A questão ambiental possui feições muito particulares, sobretudo quando se trata de dano10. Vejamos algumas destas características trazidas por Rezende (2015, p.510-511):

a) Os danos são comumente difusos, ou seja, em circunstâncias normais, quando se verifica um dano ambiental hodiernamente toda a coletividade, de forma não identificável é vítima do degradador. Ressalte-se, contudo que podem ocorrer situações onde o dano é suportado por um conjunto de pessoas com liame entre si (dano coletivo) como uma-comunidade de moradores de determinado bairro de uma cidade. Não obstante, ainda é possível, ainda que excepcionalmente, que o dano ambiental tenha vítima certa e individualizada, como em uma situação que determinado cidadão sofreu uma perda no pomar de seu quintal causado por um fertilizante impróprio ao uso, impossibilitando a colheita;

b) O dano ambiental é normalmente indivisível, vale dizer, não se consegue identificar extreme de dúvida, a parcela de prejuízo sofrido por cada pessoa que o suportou;

c) Comumente o dano é irreversível, isto é, a reparação das áreas degradadas, voltando ao estado anterior, nem sempre se faz possível com as tecnologias que dispomos;

d) Possui caráter transfonteiriço na medida em que normalmente não é possível a identificação exata das regiões que sofreram a degradação. Exemplo comum é a poluição atmosférica, que, certamente, não causa danos a uma cidade restrita em razão das características das correntes de ventos;

10 Para Edis Milaré (2004, p.421) o dano ambiental “é a lesão aos recursos ambientais, com consequente degradação - alteração adversa ou in pejus - do equilíbrio ecológico e da qualidade de vida”.

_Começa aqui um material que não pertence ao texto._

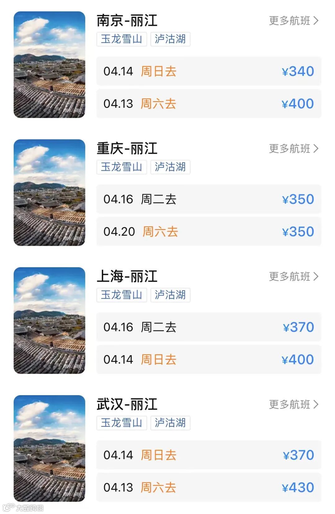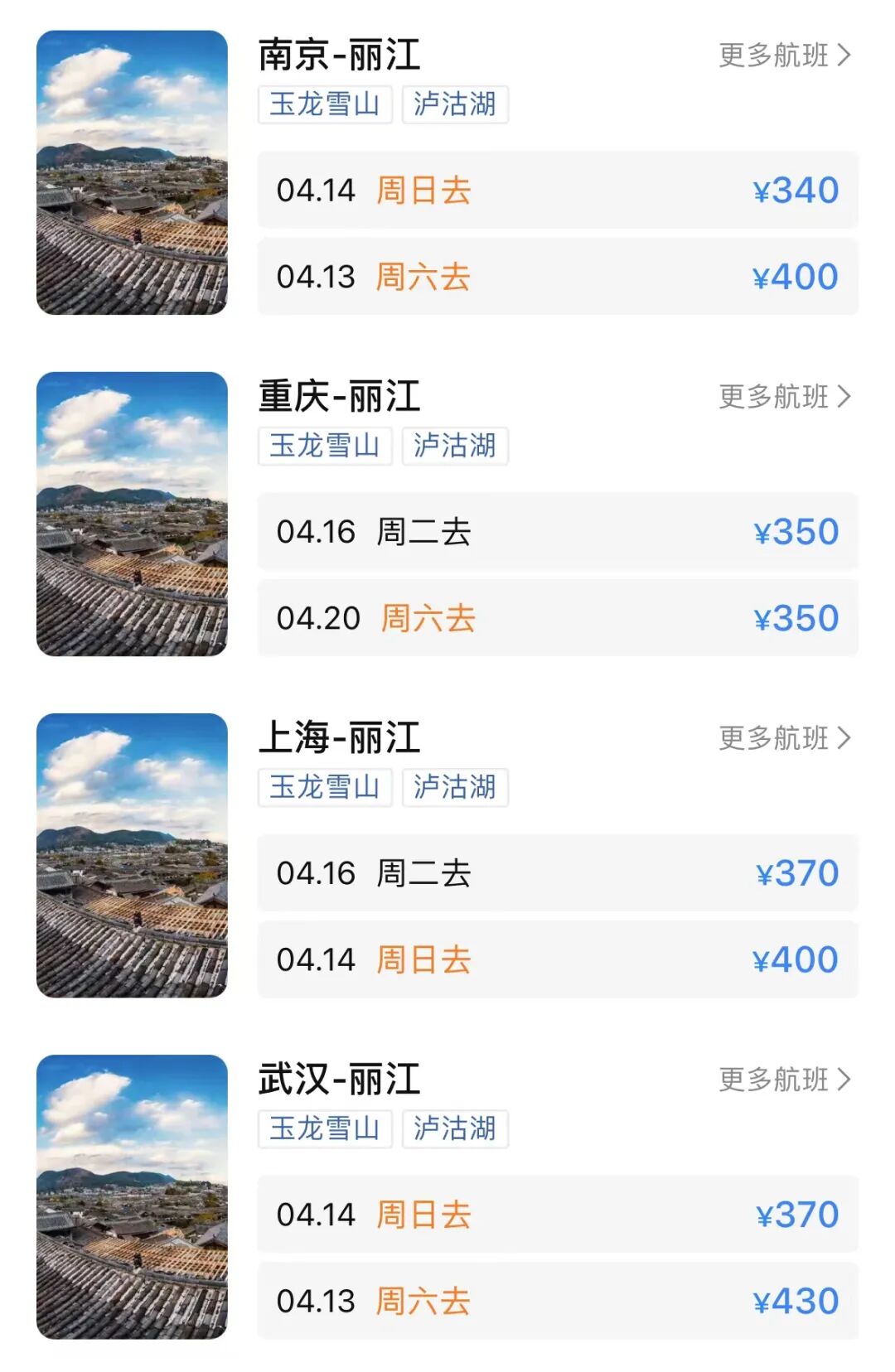 最近是丽江的淡季,全国多地飞丽江只要三四百。暑期丽江是出了名的避暑胜地,也是大旺季!如果错峰也推荐11月去玩,冬季看日照金山的机会更大。

119 e) Tem efeitos cumulativos, uma vez que os efeitos da degradação não são estanques, pelo contrário, a os danos suportados pelo meio ambiente são somados aos que outrora foram gerados, propiciando um acúmulo de degradação contínuo; f) Dificuldade de se estabelecer um nexo causal. Este, certamente, é uma das maiores dificuldades para se imputar a responsabilidade civil ambiental. O liame causa-efeito, isto é, a necessidade que a vítima do dano tem de demonstrar que o prejuízo sofrido foi decorrente da ação ou omissão do suposto ofensor é imprescindível para a imputação de responsabilidade. Quando falamos de dano ambiental, tal prova muitas vezes é de impossível demonstração. Podemos exemplificar com o caso da poluição atmosférica de determinada cidade industrial onde inúmeras empresas eliminam de suas chaminés gases maléficos. Nessa situação, dificilmente se conseguirá demonstrar com exatidão qual a indústria que causou a poluição geradora de danos à saúde dos citadinos.

As características acima demonstradas evidenciam que o Dano Ambiental merece tratamento diverso, ao passo que o bem a ser protegido, uma vez deteriorado, repercute, direta ou indiretamente, na vida de todos e, em muitos dos casos a sua restituição é deveras difícil, quando não impossível.